[ACM]
Mobile app marketplaces are dominated by free apps that rely on advertising for their revenue. These apps place increased demands on the already limited battery lifetime of modern phones. For example, in the top 15 free Windows Phone apps, we found in-app advertising contributes to 65% of the app’s total communication energy (or 23% of the app’s total energy). Despite their small size, downloading ads each time an app is started and at regular refresh intervals forces the network radio to be continuously woken up, thus leading to a high energy overhead, so-called ‘tail energy’ problem. A straightforward mechanism to lower this overhead is to prefetch ads in bulk and serve them locally. However, the prefetching of ads is at odds with the real-time nature of modern advertising systems wherein ads are sold through real-time auctions each time the client can display an ad.

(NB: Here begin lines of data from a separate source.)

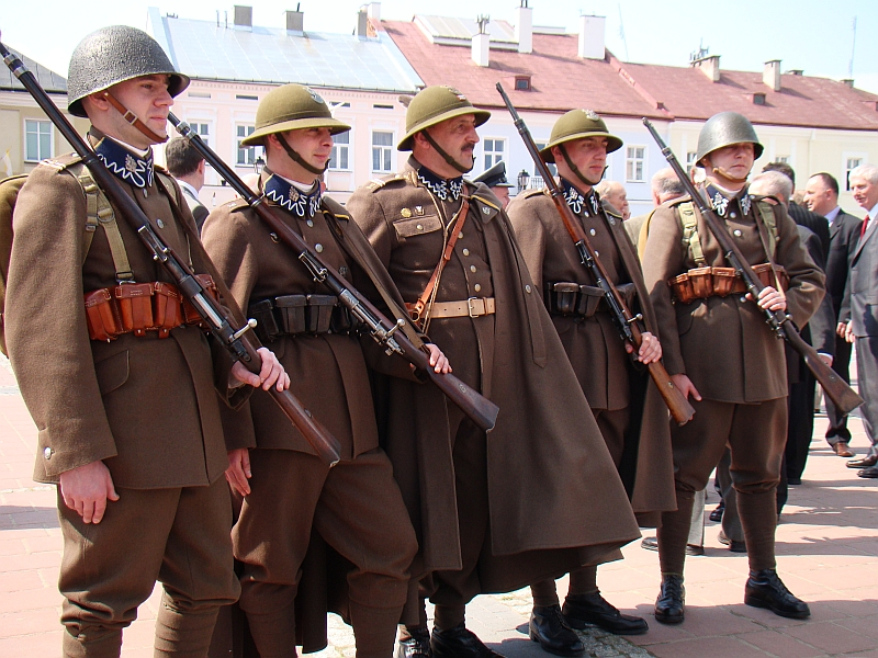 Feast of the Union of Soldiers of the Polish Army in Sanok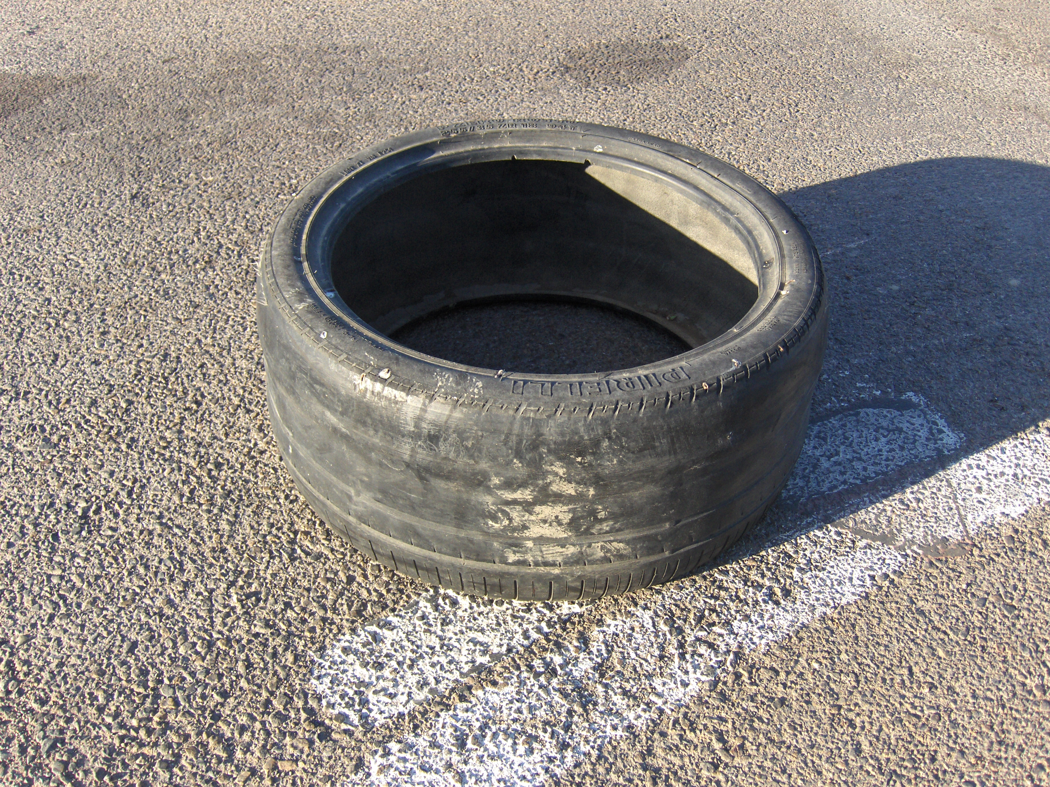 Overworn Pirelli PZERO ROSSO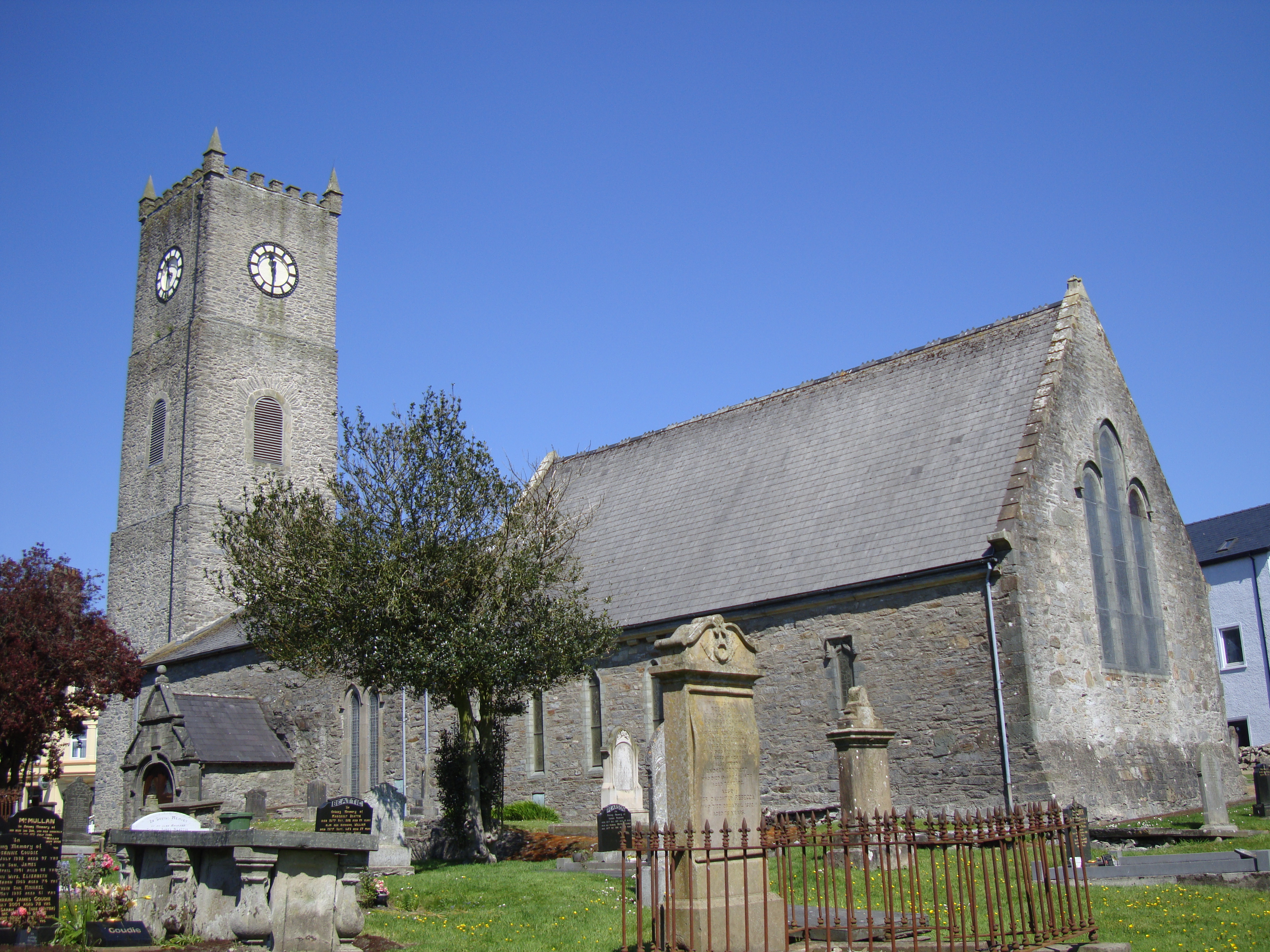 Photograph of St Eunan's Cathedral, Raphoe, Co. Donegal, Ireland

This paper addresses the challenge of supporting ad prefetching with minimal changes to the existing advertising architecture. We build client models predicting how many ad slots are likely to be available in the future. Based on this (unreliable) estimate, ad servers make client ad slots available in the ad exchange auctions even before they can be displayed. In order to display the ads within a short deadline, ads are probabilistically replicated across clients, using an overbooking model designed to ensure that ads are shown before their deadline expires (SLA violation rate) and are shown no more than required (revenue loss). With traces of over 1,700 iPhone and Windows Phone users, we show that our approach can reduce the ad energy overhead by over 50% with a negligible revenue loss and SLA violation rate.